The thing is that ix86_find_base_term calls ix86_delegitimize_address that
often creates some RTL that the caller then immediately throws away.
ix86_find_base_term is called a lot on expressions like:
(plus:SI (value:SI 1:1 @0x2c60f50/0x2c50f40)
(const:SI (plus:SI (unspec:SI [
(symbol_ref:SI ("_ZL2Zs") [flags 0x2] <var_decl
0x7fffefc19900 Zs>)
] UNSPEC_GOTOFF)
(const_int 8 [0x8]))))
on which it returns
(const:SI (plus:SI (symbol_ref:SI ("_ZL2Zs") [flags 0x2] <var_decl
0x7fffefc19900 Zs>)
(const_int 8 [0x8])))
but in reality, the caller only cares about the SYMBOL_REF, CONST_INT operand
on PLUS is ignored by find_base_term.
The other option is to duplicate and adjust ix86_delegitimize_address into
ix86_find_base_term.
With the above template, we can share the code, just (for now in one spot, but
likely in more spots later).
As for more spots later, e.g. both find_base_value and find_base_term (the only
users of ix86_find_base_term)
only care about MEM with arg_pointer_rtx or plus arg_pointer_rtx something.
So, in other cases it doesn't
make sense to replace_equiv_address_nv.

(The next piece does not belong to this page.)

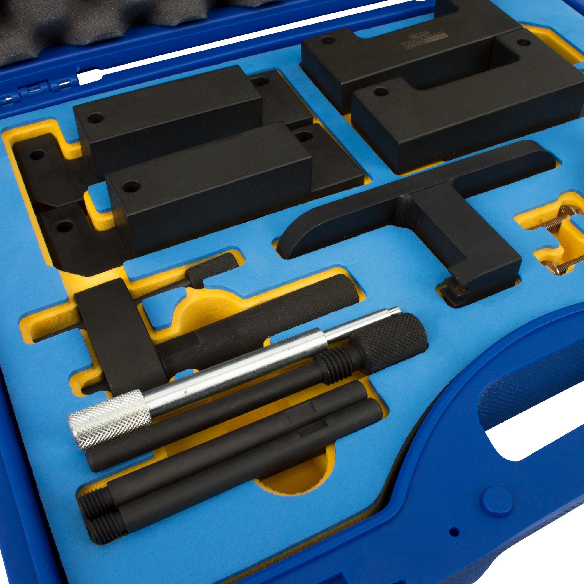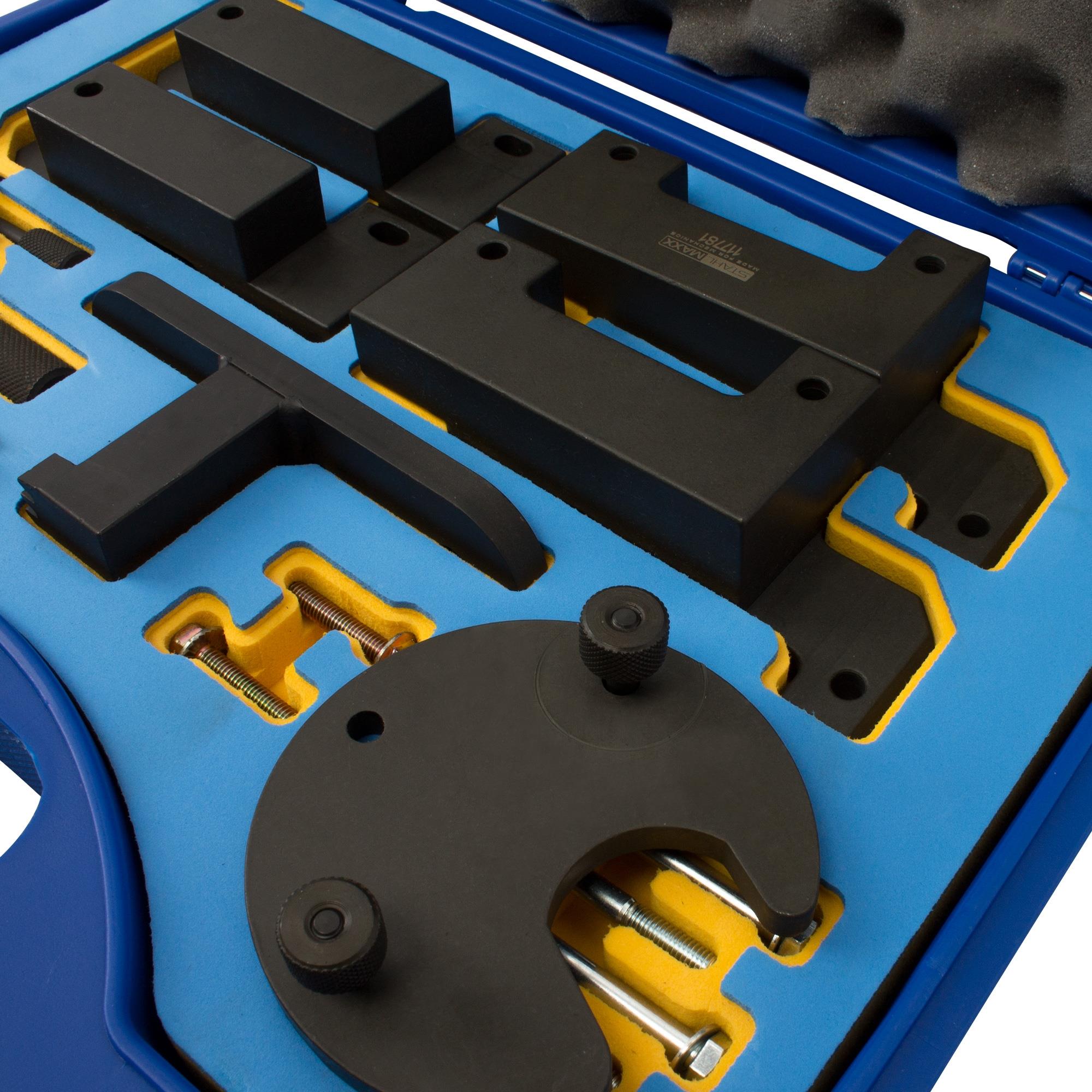 Speciale gereedschapsset voor het afstellen van de distributietiming, het reviseren van de motor en het vervangen van distributiekettingen en brandstofpompen op 4.4D / 448DT-motoren van 2011–2019.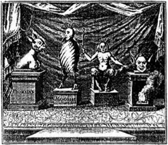 АВИЗОЯ— убивает детей, поражает глухотой, слепит глаза, смыкает уста уздою, губит рассудок и знобит тело. Цвет лица бледно-зеленоватый, волосы жёсткие, как у дракона, и все члены её невидимы. Видна лишь голова без туловища. Её изображения нередки на змеевиках.

Thus I think
if (GET_CODE (x) == CONST
&& GET_CODE (XEXP (x, 0)) == PLUS
&& GET_MODE (XEXP (x, 0)) == Pmode
&& CONST_INT_P (XEXP (XEXP (x, 0), 1))
&& GET_CODE (XEXP (XEXP (x, 0), 0)) == UNSPEC
&& XINT (XEXP (XEXP (x, 0), 0), 1) == UNSPEC_PCREL)
{
rtx x2 = XVECEXP (XEXP (XEXP (x, 0), 0), 0, 0);
x = gen_rtx_PLUS (Pmode, XEXP (XEXP (x, 0), 1), x2);
if (MEM_P (orig_x))
x = replace_equiv_address_nv (orig_x, x);
return x;
}
isn't really useful if base_term && MEM_P (orig_x).